Аркадия готовила мне торт прямо внутри холодильника, выкладывая слои в узкой полочке на дверце, где у всех обычно валяются мази. Так было вкуснее — взять ложку, открыть дверцу и есть прямо из холодильной камеры.

Когда Аркадия ночевала не дома или ее долго не было, я трогала ее вещи. Один раз я перемерила весь ее гардероб. Мне не казалось это чем-то странным, а ее выбесило. Я не хотела стать ею, я хотела почувствовать истинную близость. Но ее это пугало.

А потом мы с Аркадией влюбились. В мужчин. Моему повезло меньше, потому что я буквально сошла с ума. Я написала письмо, настоящее письмо. Перечитывая его сейчас, я испытываю ужас. Нет, безусловно, как литературный перфоманс это сильно, но представьте, вам, холодному душниле-преподавателю, приходит письмо от девушки на десять лет младше вас: «Я планирую умереть в 25. Я не имею права бояться и не имею права врать. Хочется любить, трогать, узнавать. Быстрей-быстрей-быстрей. Хочу подавиться тобой. Такое чувство, что твои руки могут обхватить все мое существо. Я хочу зарыться в них. И нюхать-нюхать, как верный пес. Это мой дом. Знаешь, я всю жизнь ищу хозяина. Как думаешь, ты справишься?».

На его месте я бы подала на себя в суд, но он держался отлично. Конечно, письма мне было мало. Я делала все возможное и невозможное: отправляла анонимно подсолнух, доставляла тортик с игривой кремовой надписью, делала квесты по городу, покупала виниловые пластинки. Точнее, не я, а моя больная психика. Я видела в нем то, что видела в Аркадии, что видела еще в десятках других. Жуткая тяга не позволяет увидеть реального человека. Зрение падает, лица смазываются.

На золотом крыльце сидели:
Царь, царевич,
Король, королевич,
Сапожник, портной.
Кто ты будешь такой?

Тебя накачивают сверхэнергией и толкают в зазеркалье, где кажется, что каждое лицо — родное и то самое, только вот ты ничего о нем не знаешь. И вот я стою у памятника Пушкину, и взрослый мужчина смотрит, как я пытаюсь не рыдать, но вонючие жалкие слезы катятся. Десять минут назад, закидывая ногу на ногу, он спрашивал: «А расскажи подробнее, что именно ты ко мне чувствуешь?» Что я, блять, чувствую? Я думала, ты позвал меня на свидание. Наконец увидел, какая я особенная. Но все это лишь исследовательский интерес, материал для твоих будущих творческих проектов. Я спросила: «А что ты чувствуешь ко мне?» — «Увы, ничего не родилось». Полгода я ждала этого ответа. Это конец лета, я ненавижу Пушкина, я думаю, почему мне так невыносимо, что он уходит? В такси я рыдала уже без стеснения, а на пороге квартиры меня встретила Аркадия. Всю ночь она обнимала-обволакивала меня. А потом случилось то, что я и так предчувствовала, — она исчезла. Улетела в родной город. Но это неважно, в моем мире остались все. Я закрываю глаза и вижу, как она делает себе массаж лица перед зеркалом в моей квартире. У нее красивые голубые глаза. Я всю жизнь сплю и живу в своем синем мире, где нет ничего интереснее тоски и боли. Это прошло — значит, это стало ценным и отложилось во мне.

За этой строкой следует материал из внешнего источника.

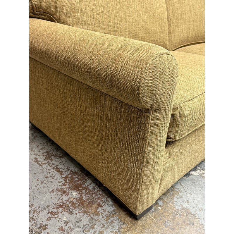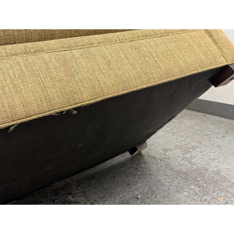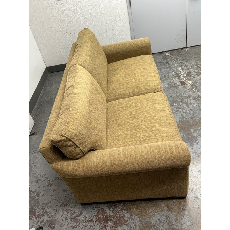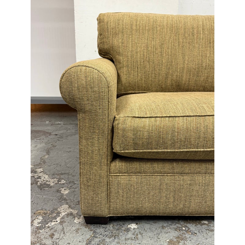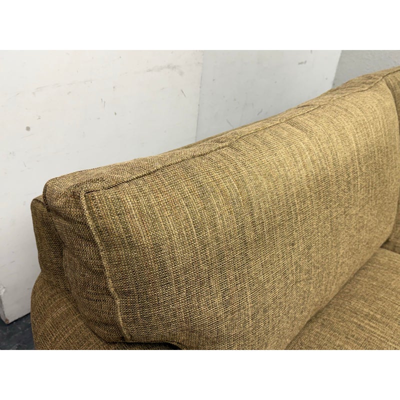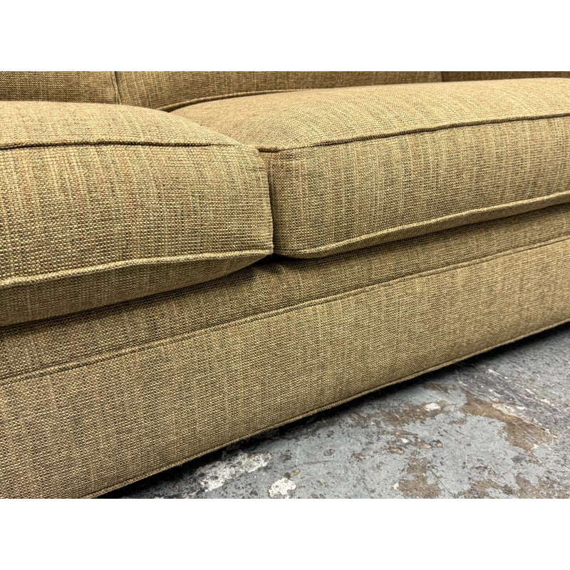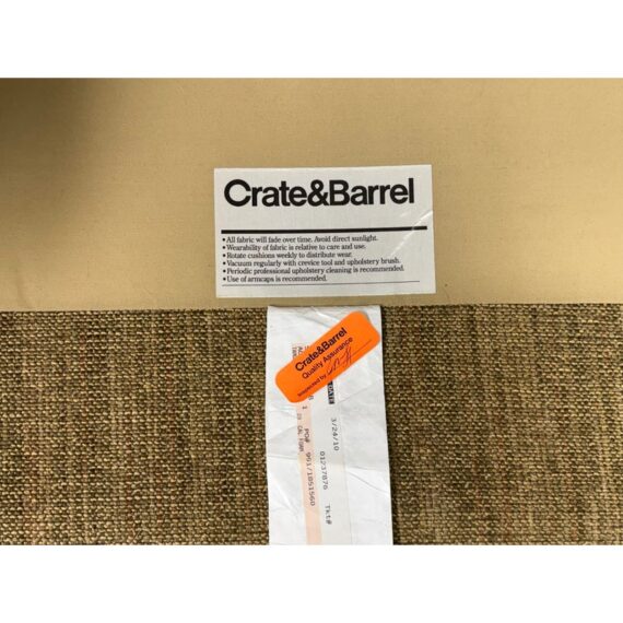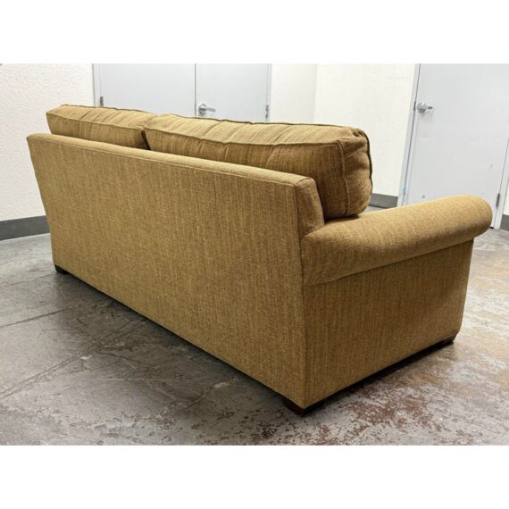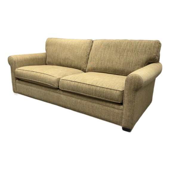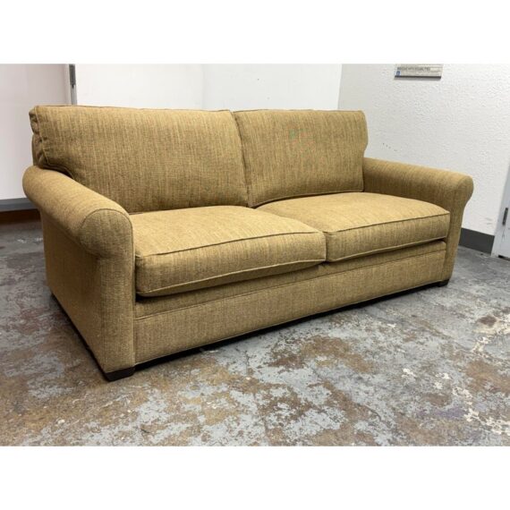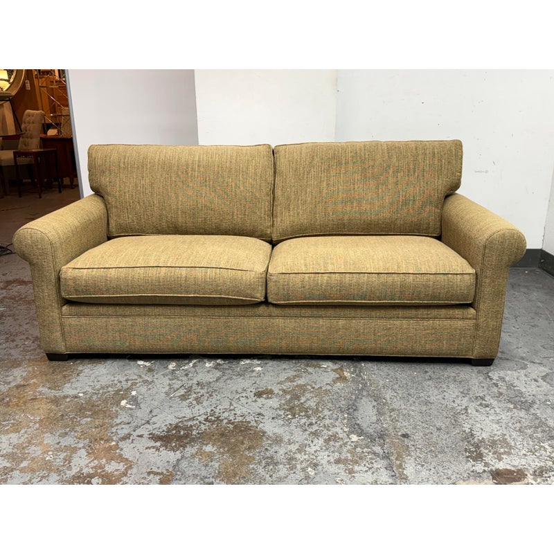Design Plus Gallery presents a Down Filled Sofa from Crate & Barrel. The sofa has rolled arm with two x two seat cushions that are removable and filled with down feathers and fill. The sofa is completely upholstered over its wooden frame with a gold tan tweed upholstery. This style is no longer in production with the brand. There is some minor sun exposure present but overall the sofa is in good condition for its age + use.

Я прячусь за машиной, жду, когда синее тело с бутылкой уйдет. Мы вместе лежим на чердаке в деревне и смотрим скачанный на телефон «Вечерний Ургант». Утром в Рождество мы сидим под елкой, и ты говоришь, что хочешь умереть и развестись. Я сгрызаю в мясо ногти. Мы бьем друг друга и материмся. Я слышу, как ты называешь меня шлюхой в разговоре с отцом. Мы идем из детсада по осеннему парку, еще никакой боли нет, ты меня еще любишь. Я задыхаюсь в истерике и заикаюсь. Я, мы, я, мы, ямы, ямы, ямыямыямы, я хочу выбраться.

У Аркадии был синий чемодан, она его сняла с моего шкафа, когда уехала.

Со второго этажа
Полетели три ножа,
Красный, синий, голубой,
Выбирай себе любой!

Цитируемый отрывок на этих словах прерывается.